THE FIRST OR Ā-DECLENSION

57. In the preceding lessons we have now gone over all the cases, singular and plural, of nouns whose nominative singular ends in -a. All Latin nouns whose nominative singular ends in -a belong to the First Declension. It is also called the Ā-Declension because of the prominent part which the vowel a plays in the formation of the cases. We have also learned what relations are expressed by each case. These results are summarized in the following table:

Case Noun Translation Use and General Meaning of Each Case
Singular
  • Nom.
  • Gen.
  • Dat.
  • Acc.
  • Abl.
  • do’min-a
  • domin-ae
  • domin-ae
  • domin-am
  • domin-ā
  • the lady
  • of the lady, or the lady’s
  • to or for the lady
  • the lady
  • from, with, by, in, the lady
  • The subject
  • The possessor of something
  • Expressing the relation to or for, especially the *indirect object
  • The direct object
  • Separation (from), association or means (with, by), place where or time when (in, at)
Plural
  • Nom.
  • Gen.
  • Dat.
  • Acc.
  • Abl.
  • domin-ae
  • domin-ā’rum
  • domin-īs
  • domin-ās
  • domin-īs
  • the ladies
  • of the ladies, ox the ladies’
  • to or for the ladies
  • the ladies
  • from, with, by, in, the ladies

The same as the singular

58. The Base. That part of a word which remains unchanged in inflection and to which the terminations are added is called the base.

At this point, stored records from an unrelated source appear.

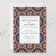 Wedding invitation with a repeating pattern of decorative elements in flower, star and sun shapes.
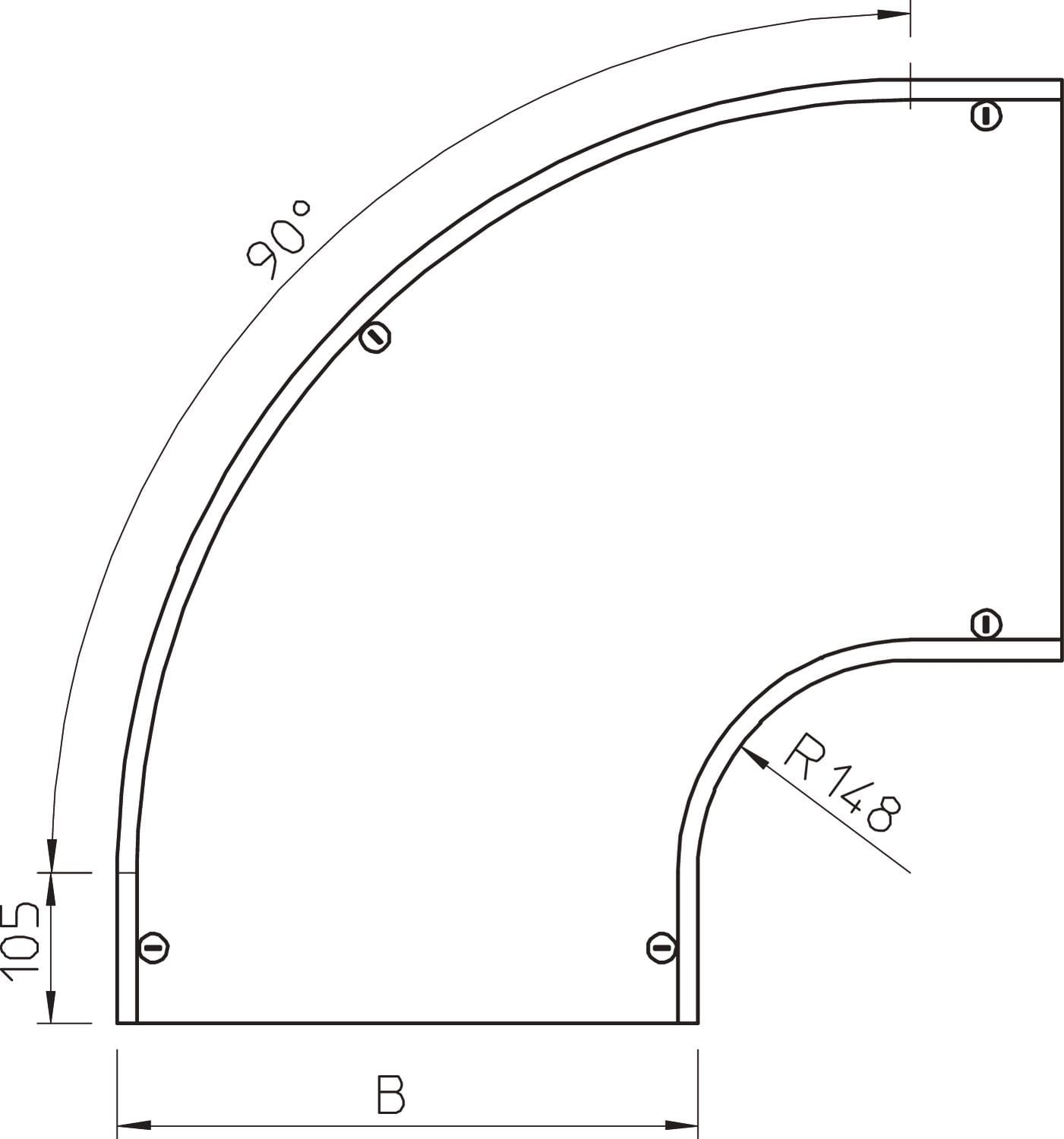 OBO BETTERMANN - Coperchio curva 90° con bussola RB 90 400 B400mm Acciaio zincato in continuo DFB 90 400 FS. 7129688
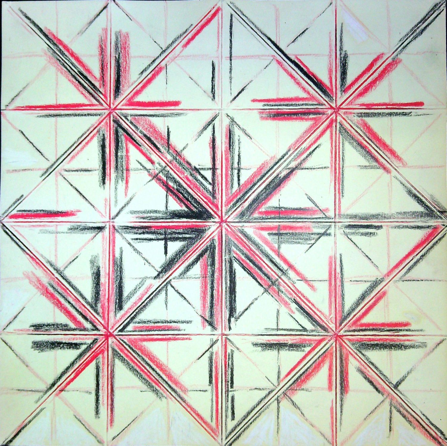 Monostruktura s voskovými pastelkami na papíře, nesignováno. Provenience: práce byla zakoupena od autora.
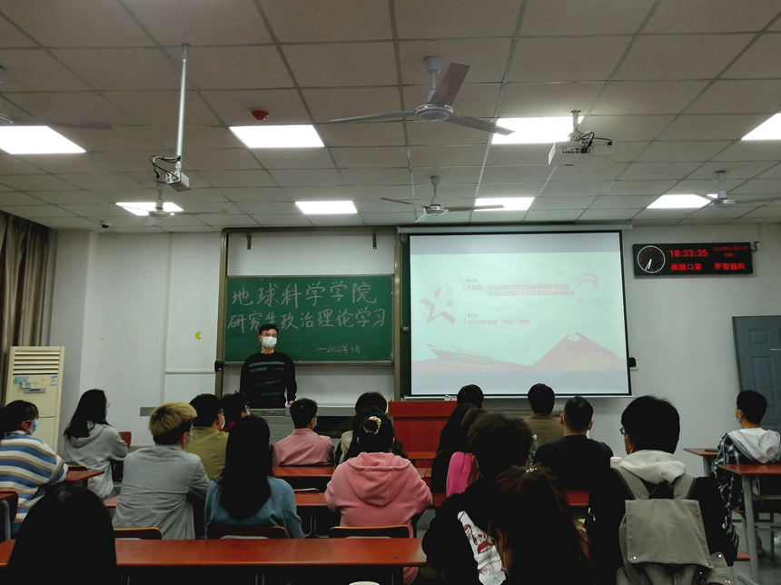 其次由梁博老师为大家讲解具体内容。他首先阐述了“坚定不移走中国特色社会主义法治道路、更好推进中国特色社会主义法治体系建设”的深刻内涵,就弘扬伟大建党精神、2022年全国两会精神、让坚持“两个确立”做到“两个维护”成为湖北政治生态鲜明底色等主要内容进行分析讲解。过程中,他不断鼓励、鞭策同学们不仅要深刻领悟党的政治理论知识,更要在生活学习中严格要求自己,脚踏实地的做人做事,为同学们指明了前进的方向。活动中,同学们积极发言,分享自己的心得和感悟,形成了良好的政治理论学习氛围。
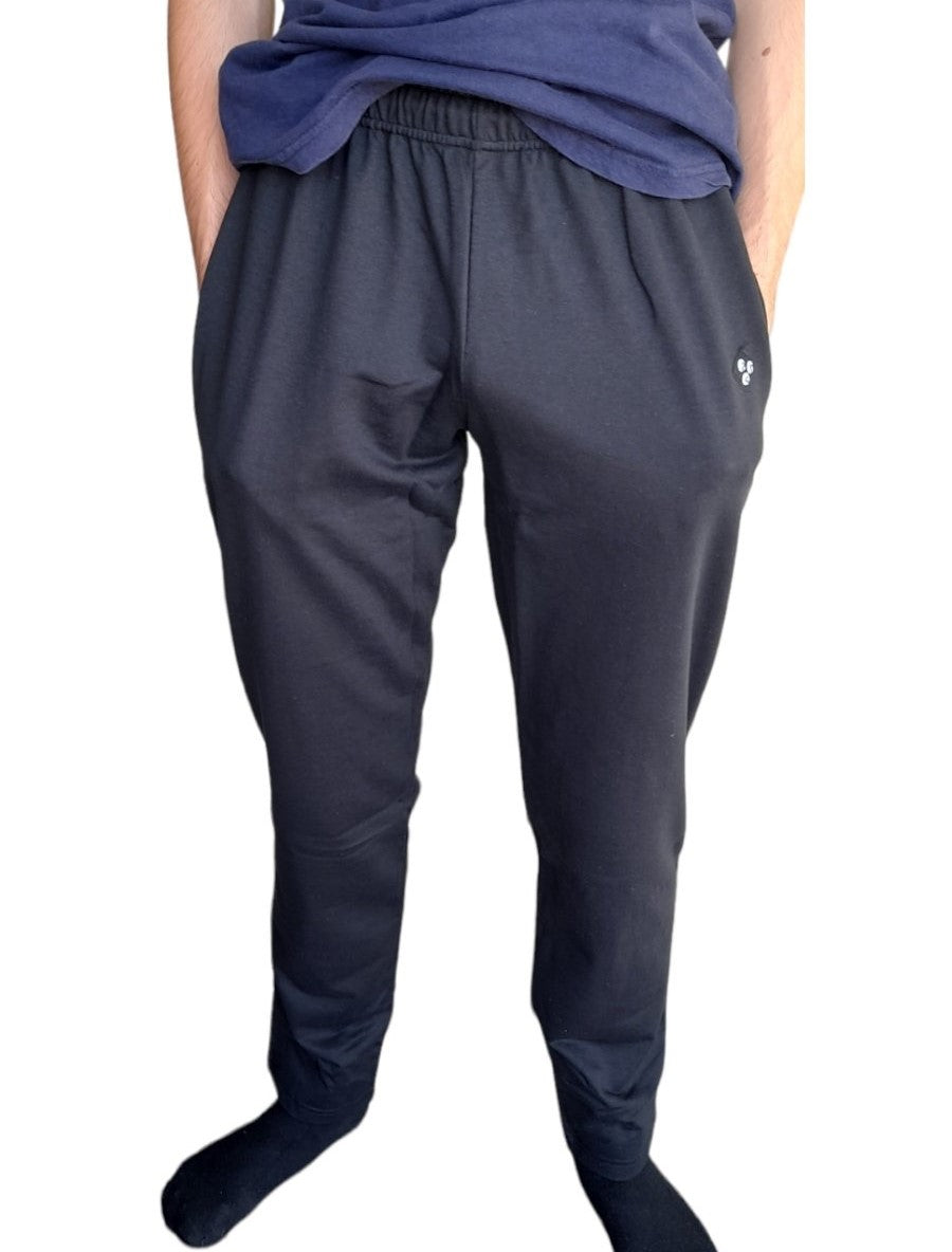 Βαμβακερό, μακρύ παντελόνι φόρμας χωρίς χνούδι. Ελαστική μέση με κορδόνι και δυο βαθιές τσέπες σε ίσια γραμμή, ανοιχτό κάτω
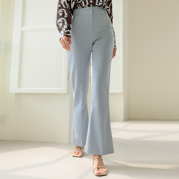 Wide Obi-Line Slim Boot-Cut Long-legged Slacks
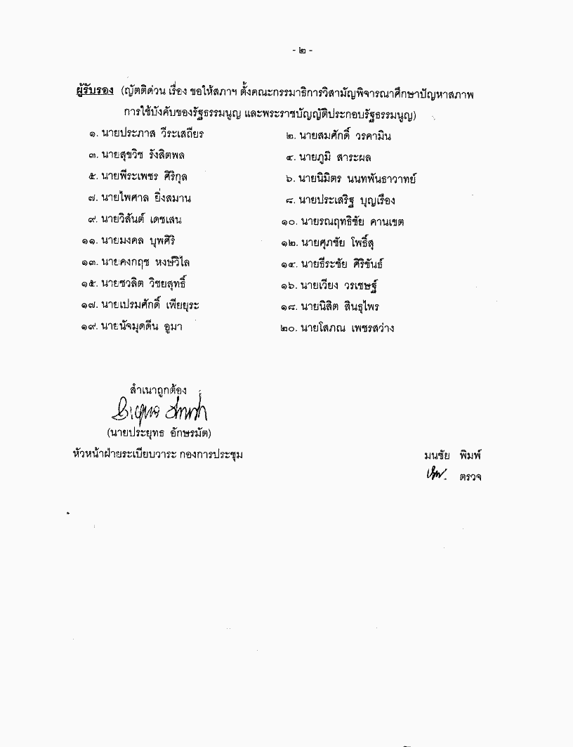 ญัตติด่วน เรื่อง ขอให้สภาฯ ตั้งคณะกรรมาธิการวิสามัญพิจารณาศึกษาปัญหาสภาพการใช้บังคับของรัฐธรรมนูญ และพระราชบัญญัติประกอบรัฐธรรมนูญ |
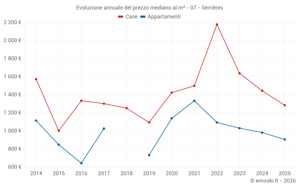 Il prezzo mediano sulle 21 transazioni di case degli ultimi 24 mesi nel comune di Serrières era di 1 327 € al metro quadrato per un valore patrimoniale mediano di 109 000 €. In questo periodo il 60% delle transazioni era tra 1 159 e 2 000 € al metro quadrato (dal 2° all'8° decile).

Thus, in the declension above, domin- is the base and -a is the termination of the nominative singular.

59. Write the declension of the following nouns, separating the base from the termination by a hyphen. Also give them orally.

pugna, terra, lūna, ancil’la, corō’na, īn’sula, silva

60. Gender. In English, names of living beings are either masculine or feminine, and names of things without life are neuter. This is called natural gender. Yet in English there are some names of things to which we refer as if they were feminine; as, "Have you seen my yacht? She is a beauty." And there are some names of living beings to which we refer as if they were neuter; as, "Is the baby here? No, the nurse has taken it home." Some words, then, have a gender quite apart from sex or real gender, and this is called grammatical gender.

Latin, like English, has three genders. Names of males are usually masculine and of females feminine, but names of things have grammatical gender and may be either masculine, feminine, or neuter. Thus we have in Latin the three words, lapis, a stone; rūpēs, a cliff; and saxum, a rock. Lapis is masculine, rūpēs feminine, and saxum neuter. The gender can usually be determined by the ending of the word, and must always be learned, for without knowing the gender it is impossible to write correct Latin.

61. Gender of First-Declension Nouns. Nouns of the first declension are feminine unless they denote males. Thus silva is feminine, but nauta, sailor, and agricola, farmer, are masculine.

62. EXERCISES

First learn the special vocabulary, p. 284.

I. 1. Agricola cum fīliā in casā habitat. 2. Bona fīlia agricolae cēnam parat. 3. Cēna est grāta agricolae[1] et agricola bonam fīliam laudat. 4. Deinde fīlia agricolae gallīnās ad cēnam vocat. 5. Gallīnae fīliam agricolae amant. 6. Malae fīliae bonās cēnās nōn parant. 7. Fīlia agricolae est grāta dominae. 8. Domina in īnsulā magnā habitat. 9. Domina bonae puellae parvae pecūniam dat.

II.

1. Where does the farmer live?
2. The farmer lives in the small cottage.
3. Who lives with the farmer?
4. (His) little daughter lives with the farmer.
5. (His) daughter is getting (parat) a good dinner for the farmer.
6. The farmer praises the good dinner.
7. The daughter's good dinner is pleasing to the farmer.
Latin for beginners (1911) 47.png

What Latin words are suggested by this picture ?

63. CONVERSATION

Answer the questions in Latin.

1. Quis cum agricolā in casā habitat?
2. Quid bona fīlia agricolae parat?
3. Quem agricola laudat?
4. Vocatne fīlia agricolae gallīnās ad cēnam?
5. Cuius fīlia est grāta dominae?
6. Cui domina pecūniam dat?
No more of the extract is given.